**PROBLEM TO SOLVE:** The copy must match the data below line for line and contain no images.

**DATASET SECTION:**
•••
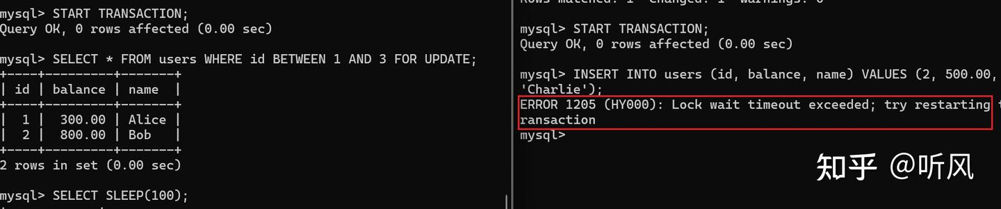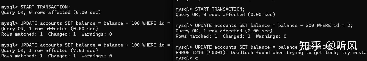 UPDATE accounts SET balance = balance + 100 WHERE id = 2; -- 尝试锁定账户2
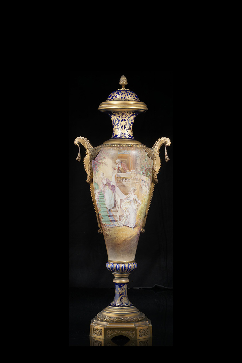Manifattura di Sèvres, inizio sec. XX. Grande vaso in porcellana decorato in policromia a scene settecentesche e a dorature su fondo blu. Anse, base e impugnatura in bronzo. Firmato Ch. Fuchs (h. cm 100) Marchi di fabbrica (lievi difetti)
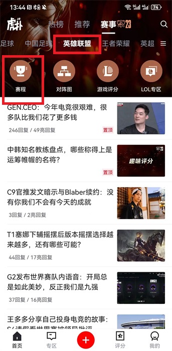 1、在虎撲軟件界面,需要已經(jīng)關(guān)注了英雄聯(lián)盟這個(gè)項(xiàng)目之后才能看到,如果已經(jīng)關(guān)注了,可以在首頁(yè)界面中點(diǎn)擊上方的【賽事】;
•••
**ANSWER BOX:**
 UPDATE accounts SET balance = balance + 100 WHERE id = 2; -- 尝试锁定账户2
Manifattura di Sèvres, inizio sec. XX. Grande vaso in porcellana decorato in policromia a scene settecentesche e a dorature su fondo blu. Anse, base e impugnatura in bronzo. Firmato Ch. Fuchs (h. cm 100) Marchi di fabbrica (lievi difetti)
 1、在虎撲軟件界面,需要已經(jīng)關(guān)注了英雄聯(lián)盟這個(gè)項(xiàng)目之后才能看到,如果已經(jīng)關(guān)注了,可以在首頁(yè)界面中點(diǎn)擊上方的【賽事】;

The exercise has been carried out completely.